Fiberglass inside ventilation systems should be sealed, or better yet replaced with a non-fiberglass insulation. Fiberglass insulation in attics and walls should be covered in paper, foil, or best, plastic. Also pressure relationships should be maintained so air goes into the wall or attic, not out of it into occupied spaces.

If fiberglass or fiberglass bearing dust has to be disturbed in a remodel, it should be moistened to keep down the dust, and the area isolated (see section 7.5).

If an area is heavily contaminated with fiberglass in the dust, it may have to be vacuumed using HEPA filtered vacuum cleaners to cure the problem.


9.1 How come you haven't said anything about lead, radon, or asbestos?

And I'm not going to. These substances have some things in common: They all cause long-term effects, not acute effects; the effects are very serious (lung cancer and mental retardation, for example); they are all the subject of considerable government intervention; and they all require considerable expertise and special licensing to deal with competently ("don't you try this at home").

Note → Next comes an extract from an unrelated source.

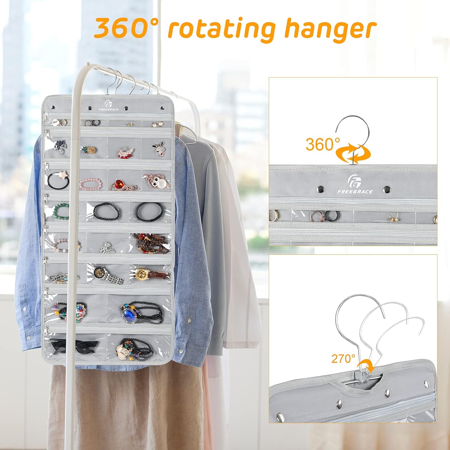 Freegrace Hanging Jewelry Organizer Revolving Hanger - Secure Zipper Closure - 50 Pockets - Foldable Storage & Display Solution - For All Jewelry & Bijoux (Gray)

The one exception to this is home radon kits which you can buy and use yourself to find out if you have a problem. They are widely available and easy to use. Otherwise, if you have a concern about one or more of these subjects, hire an expert.

9.2 What if I think I'm being exposed from (the chemical plant next door; the landfill on which my house was built; etc.)?

Same answer. Hire an expert to evaluate it.